MySQL Bugs: #98520: Suboptimal implementations for some load/store functions for little-endian arch

Bug #98520	Suboptimal implementations for some load/store functions for little-endian arch
Submitted:	8 Feb 2020 9:37	Modified:	5 May 2020 14:51
Reporter:	Alexey Kopytov	Email Updates:
Status:	Verified	Impact on me:	None
Category:	MySQL Server: Optimizer	Severity:	S5 (Performance)
Version:	8.0	OS:	Any
Assigned to:		CPU Architecture:	ARM

Description:
The following commit in MySQL 8.0 has converted most legacy *int*korr()
and int*store() functions to memcpy() calls on little-endian
architectures, which is generally more efficient:

https://github.com/mysql/mysql-server/commit/536ea313a6a71f9ed87f14d95e03e04e40ff5605

However, there are still some functions from that family that use
platform-independent implementations that are correct on both
little-endian and big-endian architectures, but are less efficient than
they could be on little-endian ones, since no endianness data conversion
is required:

include/my_byteorder.h:

static inline int32 sint3korr(const uchar *A);

static inline uint32 uint3korr(const uchar *A);

static inline ulonglong uint5korr(const uchar *A);

static inline ulonglong uint6korr(const uchar *A);

static inline void int3store(uchar *T, uint A);

static inline void int5store(uchar *T, ulonglong A);

static inline void int6store(uchar *T, ulonglong A);

The following Godbolt link demonstrates how said functions can be
modified to provide more efficient implementations for little-endian
architectures such as x86-64 and ARM64. In some cases the size of code
in terms of CPU instructions is cut by half:
https://godbolt.org/z/shNgg8

Even though those functions are not used as frequently in the MySQL code
as their power-of-two versions that have been optimized with memcpy(),
they are still used in a few places in the binlog code, Performance
Schema, the client library and SQL-level code. Since they are inlined,
they contribute to code bloat in the mysqld binary.

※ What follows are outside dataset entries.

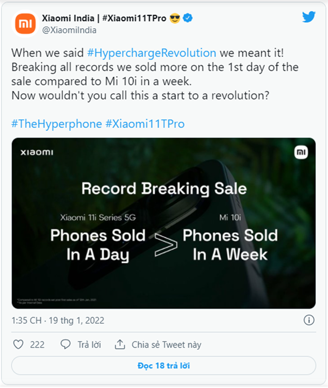 Xiaomi vừa đăng tải một thông tin về Xiaomi 11i trên Twitter. Nội dung bài đăng cho biết Xiaomi 11i vừa lập một kỷ lục mới với doanh số. Mẫu điện thoại này từng được ra mắt tại Trung Quốc với tên gọi Redmi Note 11 hồi tháng 10/2021. Tuy nhiên, nó chỉ thực sự được chú ý kể từ khi lên kệ tại Ấn Độ.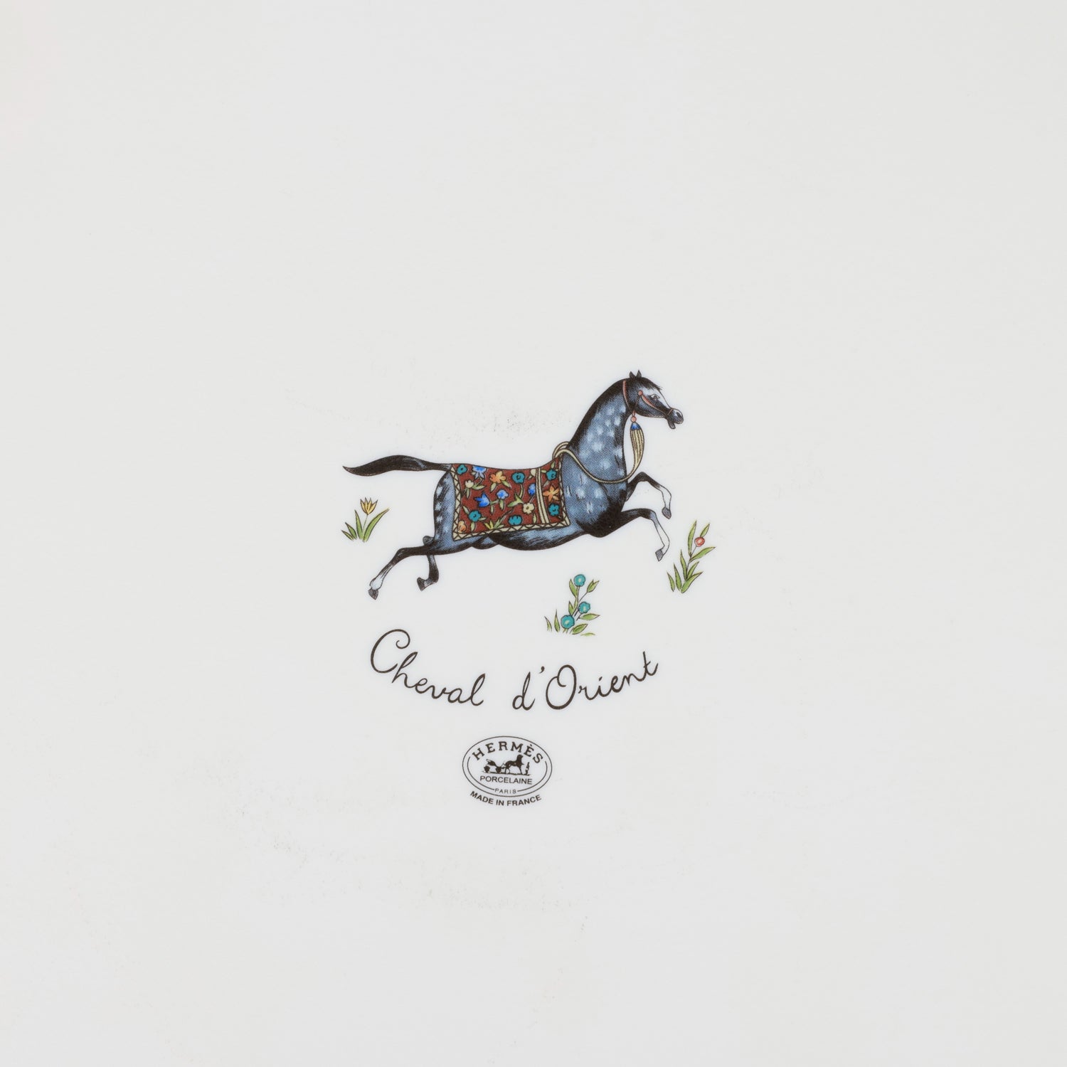 Hermes "Cheval D'Orient" tart platter of porcelain in multicolor.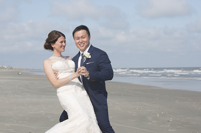 Earlier this year Hayley Anderson and Nathan Liu married in a summer destination wedding on a beach in Charleston, South Carolina in front of 45 guests. “Walking down the aisle to my groom on the beautiful beach of Isle of Palms” is the bride’s favorite memory but she says she also loved spending time with close family and friends in Charleston.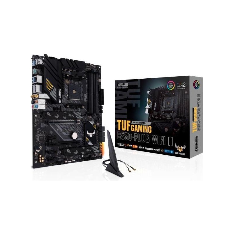 AMD B550 (Ryzen AM4) ATX gaming motherboard with PCIe 4.0, dual M.2, 10 DrMOS power stages, Wi-Fi 6, 2.5 Gb Ethernet, HDMI, DisplayPort, SATA 6 Gbps, USB 3.2 Gen 2 Type-A and Type-C, Thunderbolt™ 3 header, and Aura Sync RGB lighting support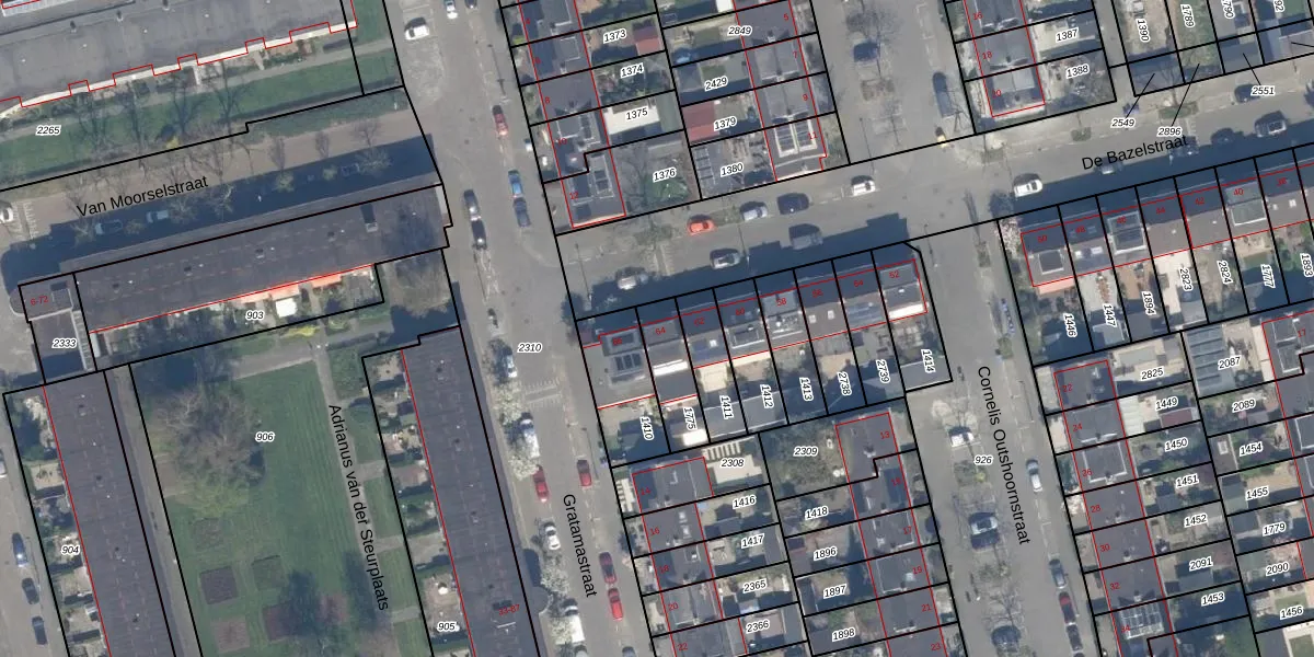 Het perceel waarop De Bazelstraat 64 staat heeft een oppervlakte van 141 m². Dit is een middelgroot perceel. De perceeloppervlakte wordt geregistreerd door het Kadaster. Gedetailleerde informatie over de maten van dit perceel kunt u vinden in het rapport Kadastrale kaart met maatvoering van De Bazelstraat 64.
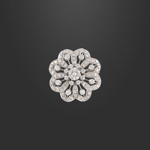 a rosone traforata in oro bianco con brillanti di cui uno al centro di dimensioni maggiori del peso di 0,80 ct [..]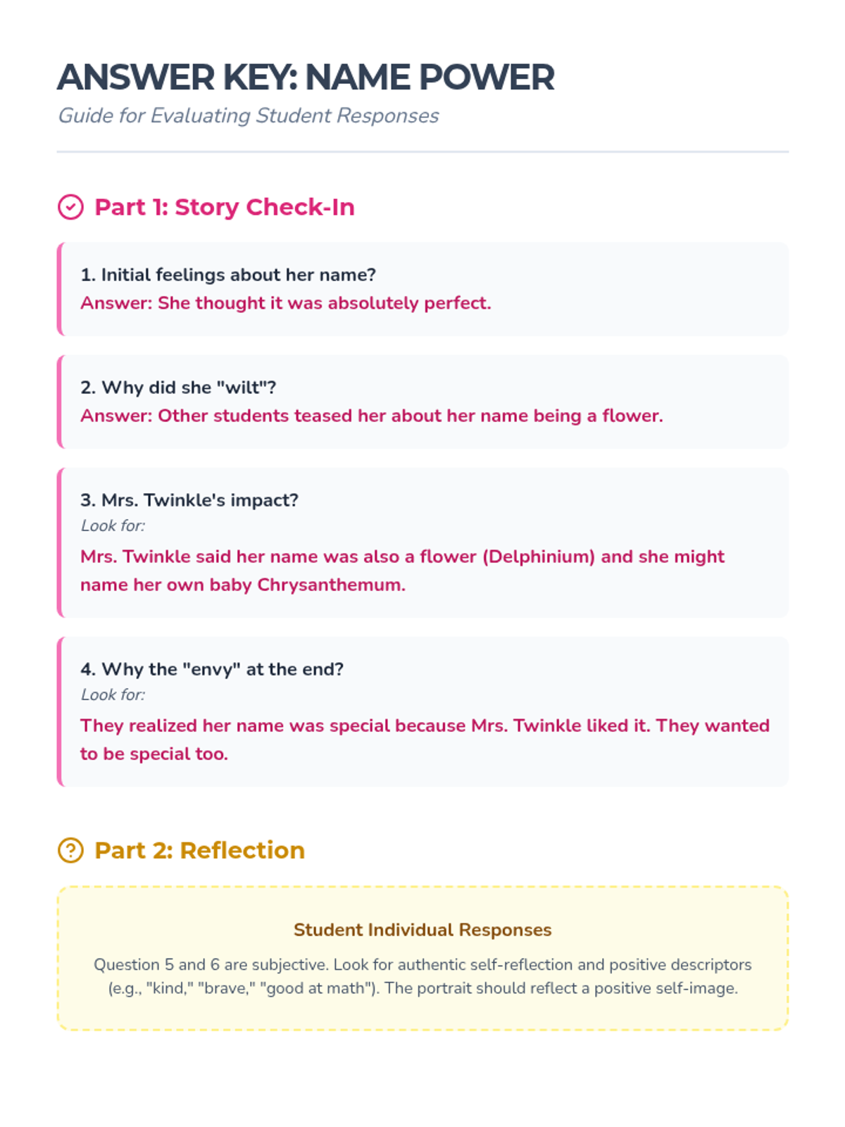 A single-page answer key for the Name Power Worksheet, providing correct answers for comprehension questions and teacher guidance for reflection areas.
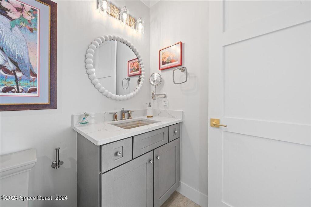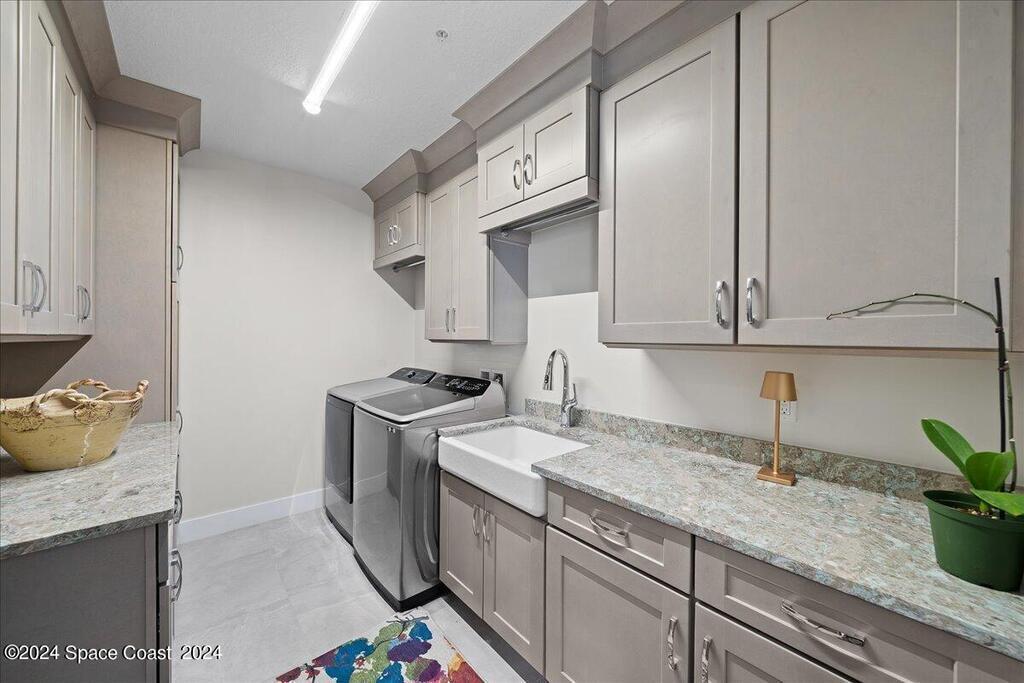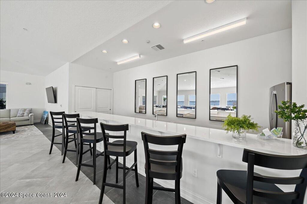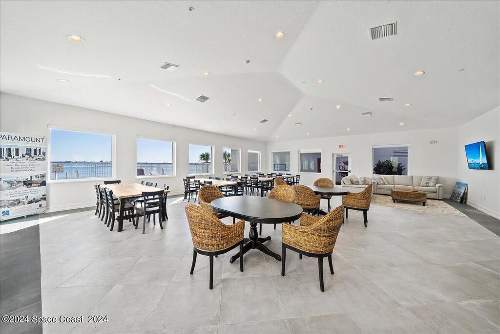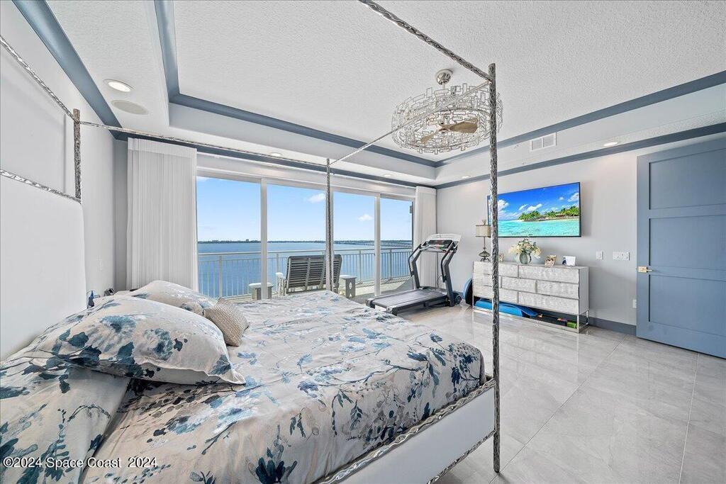 Experience elevated waterfront living in this stunning corner penthouse.This elegant home welcomes you with a beautiful hand laid marble floor highlighted by designer chandeliers lighting your way to a spacious open concept living area with floor to ceiling sliding doors.They showcase breathtaking views of the Indian River and rocket launches.The gourmet kitchen includes an induction cooktop and custom cabinets with pullout shelving.The master suite offers a private balcony, two walk-in closets, a shoe closet, spa bath, bidet and designer tile finishes. Two secondary en suite bedrooms, an office and art studio complete the living space.There are quartz countertops,electric window treatments,upgraded plumbing and light fixtures in every room.A see through fireplace separates the living and family areas. Sip your morning coffee watching beautiful sunrises or enjoy cocktails from your full bar with pull out shelves and its own refrigerator, freezer, wine cooler and nugget ice maker.
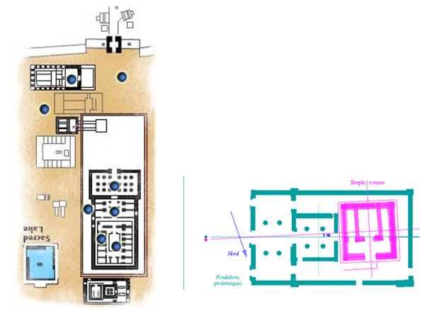 É evidente que esta euforia inicial deixou lugar a um estudo mais aprofundado e científico sobre a datação do mesmo. O templo do nascimento de Isis (Figura 4.2) construído no reinado de Augusto ( 30 a. C) está construído sobre as fundações de um templo da época ptolemaica do reinado de Nectanébo I (381 a. C) e acabado por Ptolomeu X Alexandre I (107 a. C.), este ultimo apresenta uma orientação Oriente-Ocidente, por sua vez o templo da época de Augusto tem orientação Norte-Sul idêntica a orientação do grande templo de Hathor. No entanto entre um e outro existe uma ligeira inclinação de cerca de 2º30’.

This is request to optimize those functions for little-endian
architectures by providing specialized implementations as has already
been done for other functions in the same family.

How to repeat:
Code analysis + https://godbolt.org/z/shNgg8

Hello Alexey,

Thank you for the report and feedback.

regards,
Umesh

Very nice Alexey. Even on x86_64 gcc-4.1.2 this correctly inlines memcpy and generates less code than the original.

Save our CPU L1 instruction caches for other stuff. Keep up the good work.

I noticed that CPU architecture for this issue has been updated from "Any" to "ARM". I'd like to emphasize that the optimization proposed here applies to any little-endian architecture such as x86, amd64, arm64, ppc64le and likely others.